妊娠中のサプリ選びは慎重に

妊娠中・授乳中は、赤ちゃんへの影響を考えるとサプリメントの選択には特別な注意が必要です。「自然由来だから安心」「食品だから大丈夫」という思い込みは危険です。必ず医師・産婦人科医に相談したうえで使用することが大前提となります。

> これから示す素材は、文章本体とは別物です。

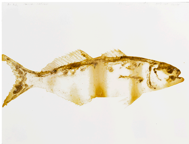
Alexis Rockman, Weakfish (Lynoscion regalis) Northwest Harbor, 11/13/10 , sand and acrylic polymer on paper
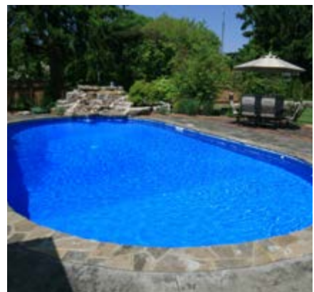
STANDARD OVAL SIZES: 15' x 24', 15' x 30', 17' x 32'
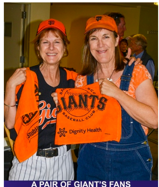
A PAIR OF GIANT'S FANS

meeting was not competing with a game 5 of the Series.
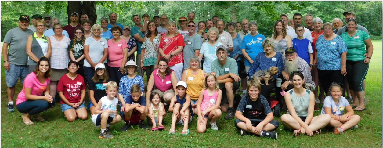
LUMC 2018 Church Picnic at Slate Run Metro Park

Inviting people to be in relationship with Jesus and each other so that lives and communities are changed
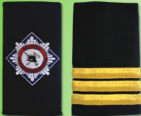
Woven / Embroidered Epaulet
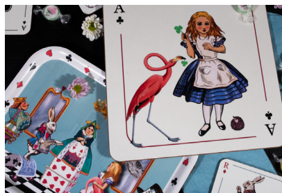
Alice in Wonderland
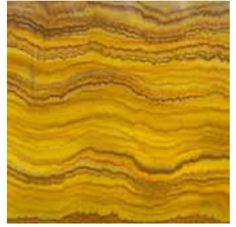
Bengali Tiger type A
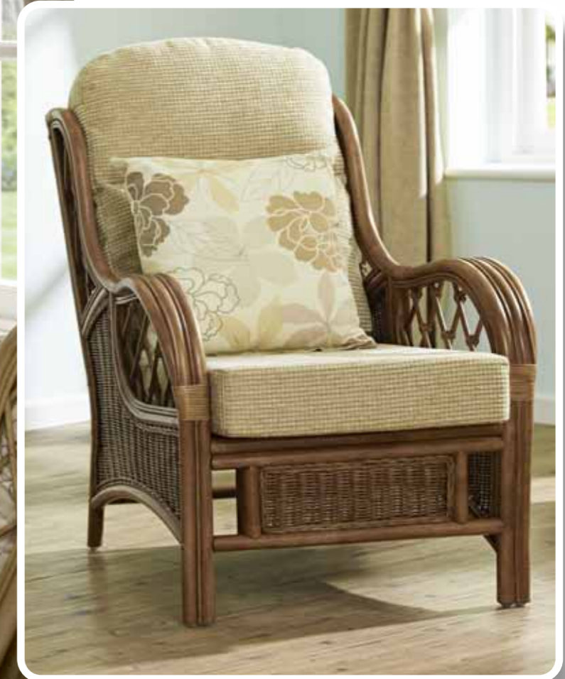
Brown Wash Colour Fame
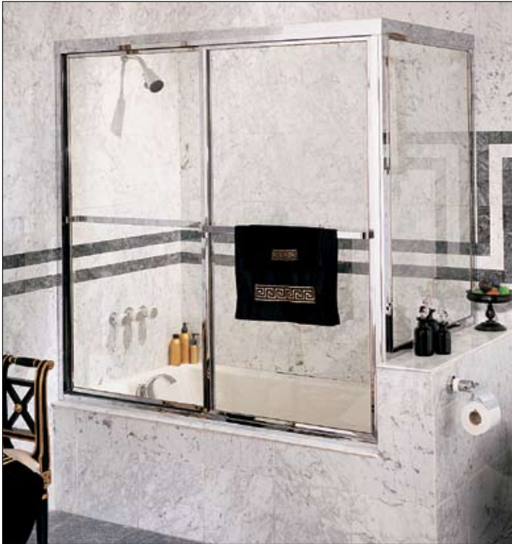
B-636B Corner Tub Enclosure with Buttress Return 1-1/4" Frame, Polished Chrome, Clear Glass

Superior workmanship and elegant design are unmistakable in these beautifully hand-crafted enclosures. Brassline quality, durability and good looks are truly one of a kind.

このページでは、一般的に妊娠中・授乳中に推奨される成分と、避けるべき成分についての基礎知識をご紹介します。

妊娠中に積極的に摂りたい栄養素

① 葉酸(フォリックアシッド)

妊娠初期に特に重要とされる栄養素です。厚生労働省は、妊娠を計画している女性・妊娠初期の女性に対して、食事に加えてサプリメントから1日400μgの葉酸を摂取することを推奨しています(神経管閉鎖障害のリスク低減のため)。妊娠に気づく前から摂り始めることが推奨されています。

② 鉄分

妊娠中は血液量が増加し、赤ちゃんへの鉄供給も必要なため、鉄分不足(鉄欠乏性貧血)になりやすい時期です。食事だけでは不足する場合、医師の指示のもと鉄サプリを使用します。

③ カルシウム・ビタミンD

赤ちゃんの骨・歯の形成に欠かせない栄養素です。ビタミンDはカルシウムの吸収を助けるため、セットで意識することが大切です。

④ DHA・EPA(オメガ3脂肪酸)

赤ちゃんの脳・神経の発達に関与するとされています。魚の摂取が難しい場合、藻類由来のDHAサプリが選択肢になります。

妊娠中・授乳中に避けるべき成分

成分・素材 注意が必要な理由
ビタミンA(レチノール)の大量摂取 過剰摂取は胎児の奇形リスクとの関連が指摘されています
ハーブ系成分(センナ・アロエ・ブラックコホシュなど) 子宮収縮作用や流産・早産のリスクが報告されているものがあります
カフェインの高濃度サプリ 過剰なカフェインは胎児の発育に影響する可能性があります
ダイエット目的の脂肪燃焼系サプリ 成分の安全性が妊娠中に検証されていないものが多い
イソフラボンの高用量サプリ ホルモンへの影響が懸念されます

産後・授乳中のサプリについて

産後も赤ちゃんへの栄養は母乳を通じて受け渡されるため、授乳中も服用するサプリには注意が必要です。産後は疲労回復・鉄補給・カルシウム補給が特に重要になります。

  • 葉酸:授乳中も継続摂取を推奨する医師が多い
  • 鉄分:産後出血や授乳による消耗を補うため引き続き必要なことがある
  • ビタミンD:母乳栄養の赤ちゃんはビタミンD不足になりやすいため、母親側の摂取も大切

妊娠中のダイエットサプリ使用はNG

妊娠中の過度なカロリー制限や脂肪燃焼系サプリの使用は、赤ちゃんの発育に悪影響を与える可能性があります。妊娠中はダイエット目的のサプリ使用を避け、必要な栄養をしっかり摂ることを優先しましょう。体重管理については産婦人科医の指示に従ってください。

まとめ

妊娠中・授乳中のサプリメント服用は、「良かれ」と思っても赤ちゃんに影響することがあります。自己判断は避け、必ず医師・産婦人科医に相談してから使用することが何より大切です。葉酸・鉄・カルシウムなどの基本栄養素を適切な量で摂ることを意識しましょう。